Usually, the lock-up periods last for 90 to 190 days. After the end of this period, most of the trading restrictions are removed. When a company goes public, the officials and employees of the company sign a lock-up agreement. It is a legal contract that binds underwriters and insiders of the company to sell any share for a particular period. As seen many shares take a steep downturn after the expiration of the lock-up period. This is because, when all the insiders got permission of selling their stock this creates a rush in the market. After all, everyone wants to a make profit as soon as possible. This excess supply of stocks leads to severe downward pressure on the prices of the stock.
2. Waiting Period
The waiting period is included in the offering terms of some investment banks. This sets aside some shares for purchase after a particular period. If this allocation is purchased by the underwriters then the price may increase and if not then the price may decrease.

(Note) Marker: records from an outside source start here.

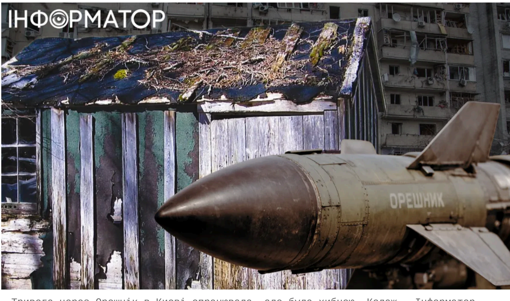
Тривога через Орешнік в Києві спрацювала, але була хибною. Колаж - Інформатор-Україна

Уночі 11 червня по всій Україні оголосили повітряну тривогу - моніторингові канали зафіксували загрозу пуску балістичної ракети з полігону Капустин Яр. Лише кілька тижнів тому стався третій удар "Орешніком" по Київщині , тому нова загроза змусила українців знову йти в укриття. Тривогу оголосили о 23:29, а вже о 23:43 пролунав відбій.
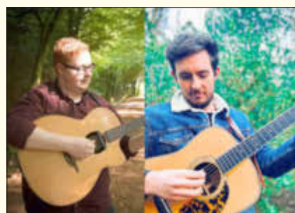
Briste Irish Heartbeat 2020

Am 29. März 2022 dürfen sich alle Liebhaber und Fans der „Grünen Insel“ auf einen musikalischen Leckerbissen freuen. Drei irische, brillante Formationen sind in der Eisenbahnhalle Losheim zu Gast und zelebrieren die musikalische Lebensfreude ihrer Nation. Traditionell und doch quicklebendig sind die Klänge, die die Menschen auf der ganzen Welt schon seit Jahrzehnten mitreißen. Voller Energie präsentieren die Musiker sowohl alte musikalische Wurzeln als auch neue musikalische Brücken, die sich im Laufe der Jahre herausgebildet haben. Tickets für dieses besondere Konzerterlebnis gibt es in allen Ticket Regional Vorverkaufsstellen, im Ticket-Büro der Villa Fuchs in der Stadthalle Merzig und unter 06861/93670. Eine Veranstaltung des Kreiskulturzentrums Villa Fuchs in Zusammenarbeit mit der Gemeinde Losheim am See.
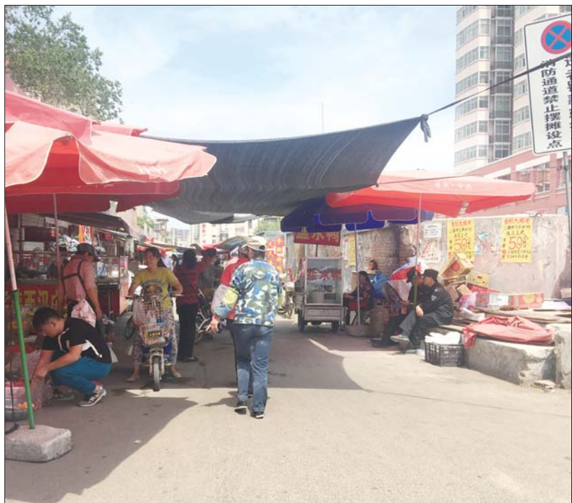
占道遮阳伞伸到了马路中间。本报记者 孙业文 摄

目前该项目正处于环评初期阶段,此次公示是为市民和社会各界,尤其是工程附近居民更好地了解该项目,并欢迎市民向建设单位及环评单位提出意见和建议。

It refers to the process of reselling the shares in the first few days of purchase so that a quick profit can be earned. This practice is common when the stock is discounted and soars on the first day of trading.
4. Tracking Stocks
Tracking stocks are created in the case of a standard IPO when an existing firm spins out a portion of its business as a separate organization. These are a sort of equity given by a parent business that is in charge of monitoring the financial performance of a certain segment or division. These equities are traded on the open market separately from the parent company's stock. The major reason for spin-offs and the development of tracking stocks is that separate sections of a company can create more profit than the firm as a whole in some situations.

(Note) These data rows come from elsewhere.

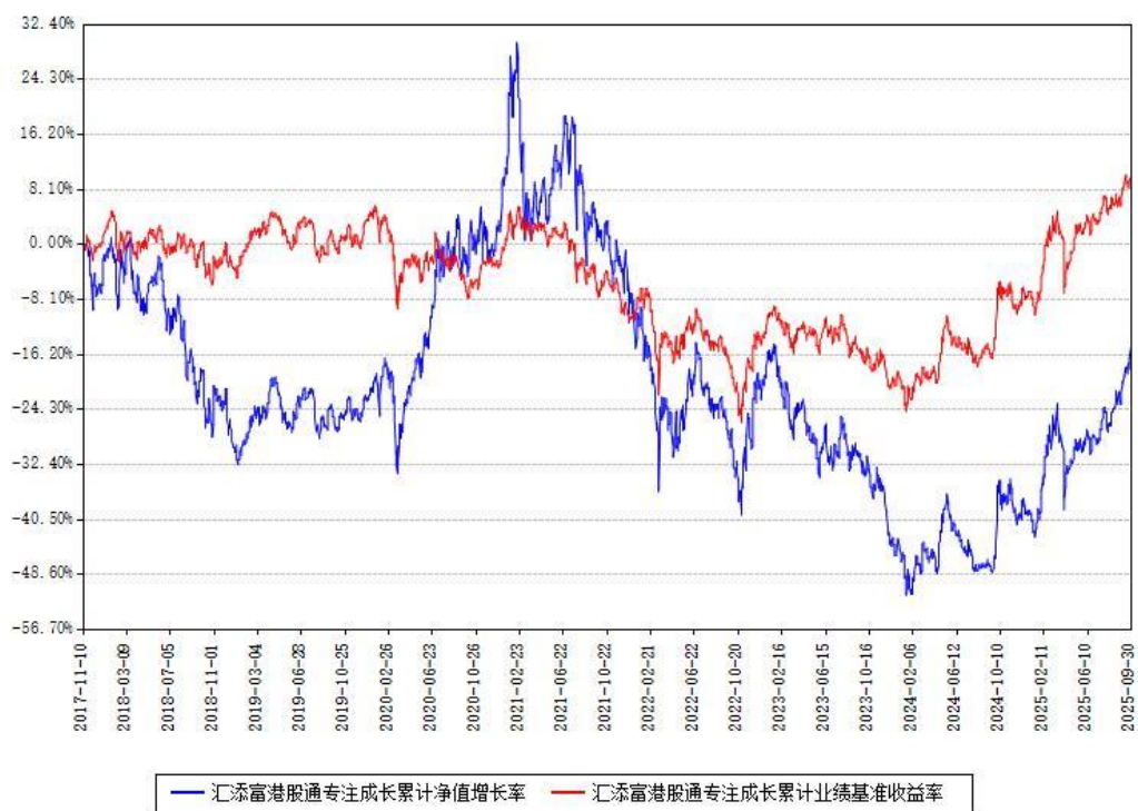
汇添富港股通专注成长累计净值增长率与同期业绩基准收益率对比图
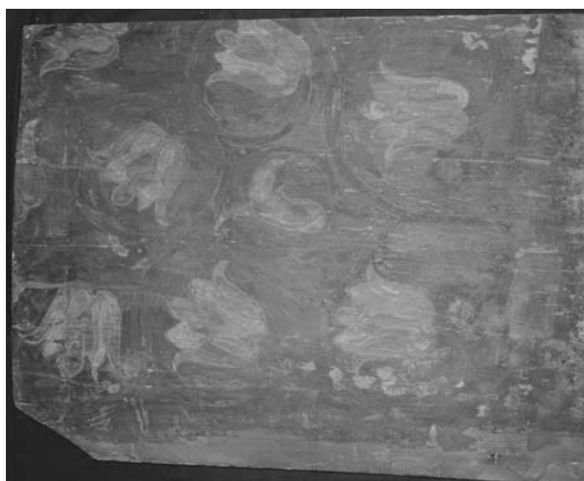
14–15. ábra A mennyezet két, föl nem szerelt kazettája a néprajzi gyűjteményben.
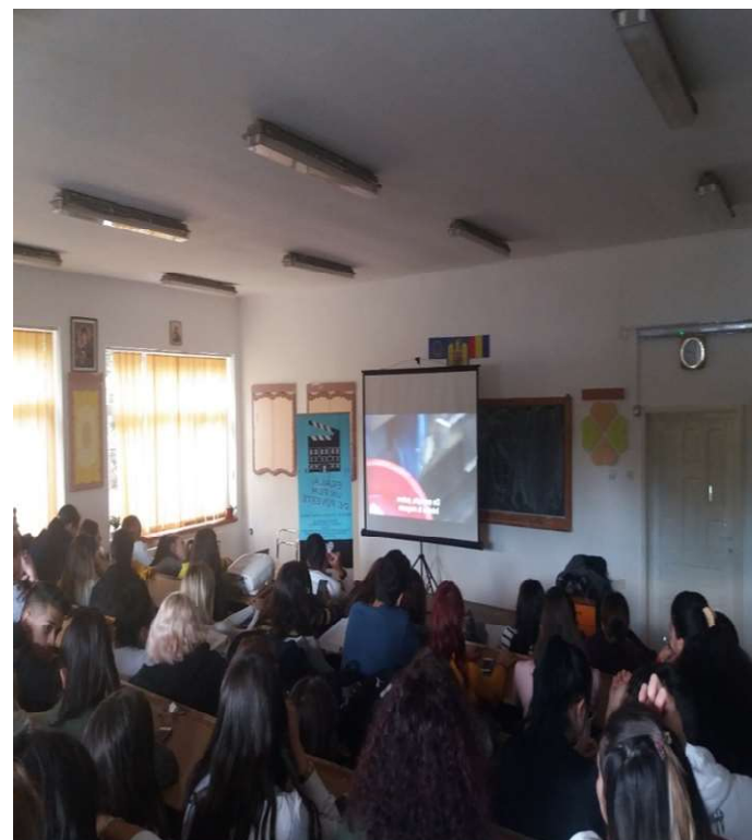
Asociatia Culturala Cinefeel
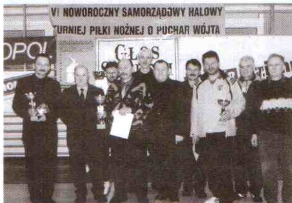
Pamiątkowe zdjęcie władz samorządowych Darłowa, Kobylnicy, Malechowa, Postomina, Słupska i Ustki
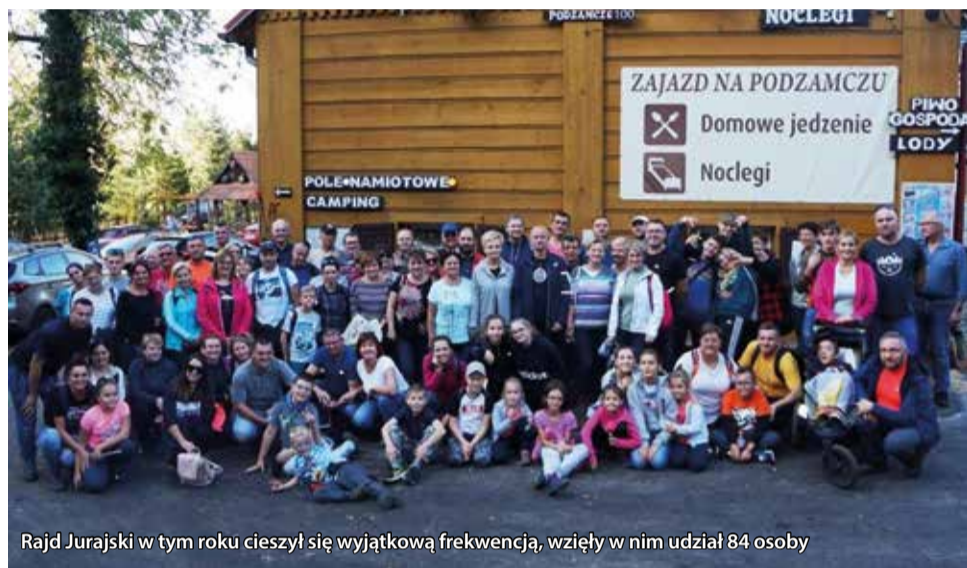
Rajd Jurajski w tym roku cieszył się wyjątkową frekwencją, wzięły w nim udział 84 osoby
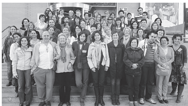
Participantes de la Red de Centros Educativos.

Los días 21 a 23 de octubre pasado, tuvo lugar en Fuenlabrada (Madrid) el I Encuentro de la Red de Centros de Educación para el Desarrollo y la Ciudadanía Global (EpDCG), promovida por InteRed, para concretar la propuesta socio-educativa para la transformación social con enfoque de género y de derechos humanos.
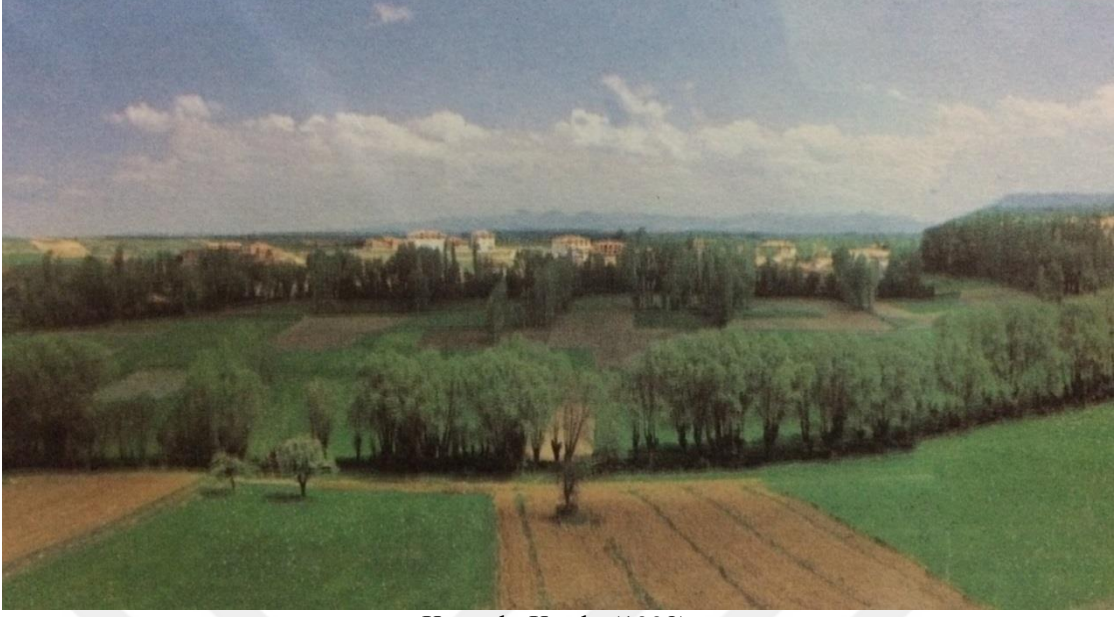
Şekil 2. Düzağaç Kasabası Tarım Arazilerinden Bir Görünüm

For example, if a division is facing the problems of higher current losses but it has a high growth potential then it may be beneficial for the company to carve out the problem and keep the parent the company as a large shareholder then let the division raise capital through IPO.
From the perspective of an investor, these IPO opportunities can be interesting. In general, a parent firm's spin-off provides its investors with a wealth of information about the parent company and its position in the company. Because investors are more aware of spin-offs, they may experience less initial volatility.
5. IPOs over the Long-term
IPOs are known for their volatile opening day returns because of which many investors buy them to become benevolent from the discounts involved. Over the long-term, the prices of IPO get settled into a steady value which is followed by traditional stock price metrics such as moving averages. So those investors who want to buy IPOs but do not want to take the individual stock risk may go with the managed funds focused on IPO universes.
Q. What is the purpose of IPO?
Ans. IPO helps the companies is raising funds in the share market for the first time. Some motivations for issuing IPO are raising capital, providing liquidity to the founders and early investors, and getting a higher valuation.
Q. Who can invest in IPO?
Ans. Mostly, it is seen that the demand for the IPOs is higher than the supply. Because of it, there is not any guarantee that all the investors who want to buy the share will get them. Those who want to invest in IPO can contact their brokerage firm although sometimes, the access to IPO is limited to only larger investors. Another option by which you can invest in IPO is mutual funds or other investment instruments.
Q. Is it a good decision to invest in IPO?
Ans. IPOs are highly popular among investors because of their volatile price movements on the day of IPO and shortly thereafter. However, there is an equal possibility of having profit and loss. Ultimately, investors should become rational before investing and should judge IPO according to the prospectus, financial circumstances, and risk tolerance of the company.